* _EXERCISE_: I'd like the entire listing output verbatim, apart from the pictures.

* _RECORD EXCERPTS_:
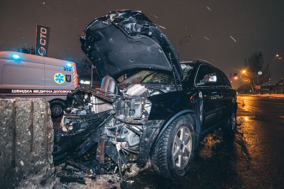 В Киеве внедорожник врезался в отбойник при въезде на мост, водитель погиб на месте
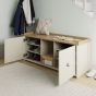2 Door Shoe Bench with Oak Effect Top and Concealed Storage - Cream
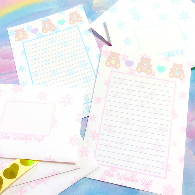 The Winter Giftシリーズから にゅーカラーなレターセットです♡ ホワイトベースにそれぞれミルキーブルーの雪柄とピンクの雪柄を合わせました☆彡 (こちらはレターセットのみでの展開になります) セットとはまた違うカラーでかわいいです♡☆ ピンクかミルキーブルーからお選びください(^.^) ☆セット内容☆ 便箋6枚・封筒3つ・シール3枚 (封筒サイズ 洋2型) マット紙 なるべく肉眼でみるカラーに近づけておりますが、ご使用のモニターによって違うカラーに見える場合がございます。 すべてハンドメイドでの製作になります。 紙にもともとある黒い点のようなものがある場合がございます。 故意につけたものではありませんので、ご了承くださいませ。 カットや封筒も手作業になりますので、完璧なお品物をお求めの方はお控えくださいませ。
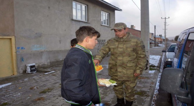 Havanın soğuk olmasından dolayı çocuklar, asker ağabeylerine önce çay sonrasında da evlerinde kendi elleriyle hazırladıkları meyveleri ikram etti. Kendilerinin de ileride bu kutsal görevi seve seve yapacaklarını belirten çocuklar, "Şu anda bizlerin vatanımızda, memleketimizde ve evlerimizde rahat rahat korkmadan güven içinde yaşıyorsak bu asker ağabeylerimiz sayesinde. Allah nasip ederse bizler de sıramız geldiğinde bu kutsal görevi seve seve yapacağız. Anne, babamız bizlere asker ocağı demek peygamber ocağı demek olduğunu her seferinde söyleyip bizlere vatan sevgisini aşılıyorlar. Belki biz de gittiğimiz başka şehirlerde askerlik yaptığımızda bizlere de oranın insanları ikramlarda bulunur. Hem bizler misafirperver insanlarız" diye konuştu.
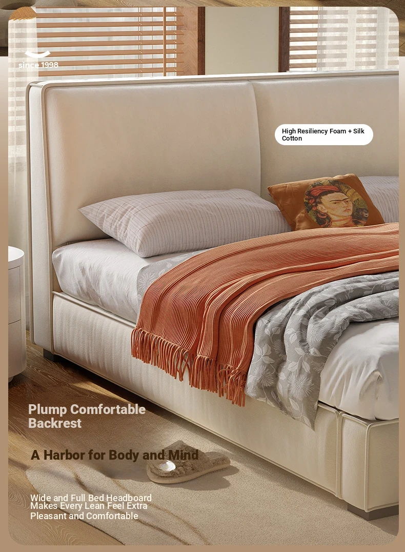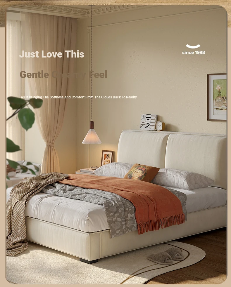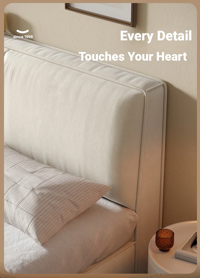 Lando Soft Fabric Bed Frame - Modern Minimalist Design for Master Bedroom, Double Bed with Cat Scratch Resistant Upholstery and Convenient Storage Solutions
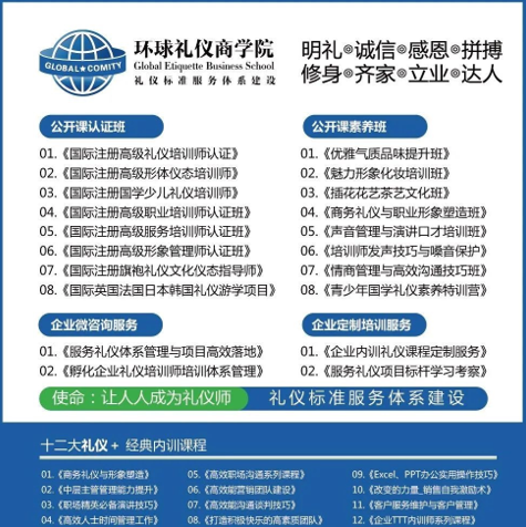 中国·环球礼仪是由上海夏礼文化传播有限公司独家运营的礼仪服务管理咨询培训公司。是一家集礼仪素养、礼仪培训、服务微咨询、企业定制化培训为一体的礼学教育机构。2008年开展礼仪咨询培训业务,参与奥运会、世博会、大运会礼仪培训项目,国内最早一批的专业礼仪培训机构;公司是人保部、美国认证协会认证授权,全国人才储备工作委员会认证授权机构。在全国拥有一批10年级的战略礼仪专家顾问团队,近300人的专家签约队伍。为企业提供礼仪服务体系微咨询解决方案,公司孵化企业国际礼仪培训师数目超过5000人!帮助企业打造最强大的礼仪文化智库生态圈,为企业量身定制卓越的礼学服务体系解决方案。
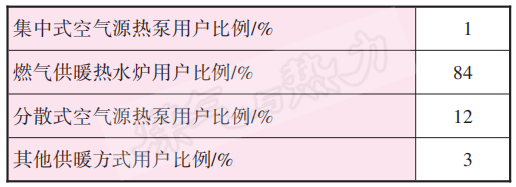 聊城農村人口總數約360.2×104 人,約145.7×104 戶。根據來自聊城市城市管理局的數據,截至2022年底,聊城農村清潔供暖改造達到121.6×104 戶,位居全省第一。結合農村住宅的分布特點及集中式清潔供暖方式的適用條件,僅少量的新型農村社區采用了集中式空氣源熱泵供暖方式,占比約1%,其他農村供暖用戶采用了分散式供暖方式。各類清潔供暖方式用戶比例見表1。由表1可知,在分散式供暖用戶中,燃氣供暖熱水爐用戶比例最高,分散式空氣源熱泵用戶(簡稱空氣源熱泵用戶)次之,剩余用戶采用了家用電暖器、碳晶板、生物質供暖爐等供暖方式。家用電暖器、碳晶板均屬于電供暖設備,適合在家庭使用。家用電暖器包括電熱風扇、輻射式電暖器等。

* _COMPLETED EXERCISE_:
 В Киеве внедорожник врезался в отбойник при въезде на мост, водитель погиб на месте
2 Door Shoe Bench with Oak Effect Top and Concealed Storage - Cream
 The Winter Giftシリーズから にゅーカラーなレターセットです♡ ホワイトベースにそれぞれミルキーブルーの雪柄とピンクの雪柄を合わせました☆彡 (こちらはレターセットのみでの展開になります) セットとはまた違うカラーでかわいいです♡☆ ピンクかミルキーブルーからお選びください(^.^) ☆セット内容☆ 便箋6枚・封筒3つ・シール3枚 (封筒サイズ 洋2型) マット紙 なるべく肉眼でみるカラーに近づけておりますが、ご使用のモニターによって違うカラーに見える場合がございます。 すべてハンドメイドでの製作になります。 紙にもともとある黒い点のようなものがある場合がございます。 故意につけたものではありませんので、ご了承くださいませ。 カットや封筒も手作業になりますので、完璧なお品物をお求めの方はお控えくださいませ。
 Havanın soğuk olmasından dolayı çocuklar, asker ağabeylerine önce çay sonrasında da evlerinde kendi elleriyle hazırladıkları meyveleri ikram etti. Kendilerinin de ileride bu kutsal görevi seve seve yapacaklarını belirten çocuklar, "Şu anda bizlerin vatanımızda, memleketimizde ve evlerimizde rahat rahat korkmadan güven içinde yaşıyorsak bu asker ağabeylerimiz sayesinde. Allah nasip ederse bizler de sıramız geldiğinde bu kutsal görevi seve seve yapacağız. Anne, babamız bizlere asker ocağı demek peygamber ocağı demek olduğunu her seferinde söyleyip bizlere vatan sevgisini aşılıyorlar. Belki biz de gittiğimiz başka şehirlerde askerlik yaptığımızda bizlere de oranın insanları ikramlarda bulunur. Hem bizler misafirperver insanlarız" diye konuştu.
 Lando Soft Fabric Bed Frame - Modern Minimalist Design for Master Bedroom, Double Bed with Cat Scratch Resistant Upholstery and Convenient Storage Solutions
 中国·环球礼仪是由上海夏礼文化传播有限公司独家运营的礼仪服务管理咨询培训公司。是一家集礼仪素养、礼仪培训、服务微咨询、企业定制化培训为一体的礼学教育机构。2008年开展礼仪咨询培训业务,参与奥运会、世博会、大运会礼仪培训项目,国内最早一批的专业礼仪培训机构;公司是人保部、美国认证协会认证授权,全国人才储备工作委员会认证授权机构。在全国拥有一批10年级的战略礼仪专家顾问团队,近300人的专家签约队伍。为企业提供礼仪服务体系微咨询解决方案,公司孵化企业国际礼仪培训师数目超过5000人!帮助企业打造最强大的礼仪文化智库生态圈,为企业量身定制卓越的礼学服务体系解决方案。
 聊城農村人口總數約360.2×104 人,約145.7×104 戶。根據來自聊城市城市管理局的數據,截至2022年底,聊城農村清潔供暖改造達到121.6×104 戶,位居全省第一。結合農村住宅的分布特點及集中式清潔供暖方式的適用條件,僅少量的新型農村社區采用了集中式空氣源熱泵供暖方式,占比約1%,其他農村供暖用戶采用了分散式供暖方式。各類清潔供暖方式用戶比例見表1。由表1可知,在分散式供暖用戶中,燃氣供暖熱水爐用戶比例最高,分散式空氣源熱泵用戶(簡稱空氣源熱泵用戶)次之,剩余用戶采用了家用電暖器、碳晶板、生物質供暖爐等供暖方式。家用電暖器、碳晶板均屬于電供暖設備,適合在家庭使用。家用電暖器包括電熱風扇、輻射式電暖器等。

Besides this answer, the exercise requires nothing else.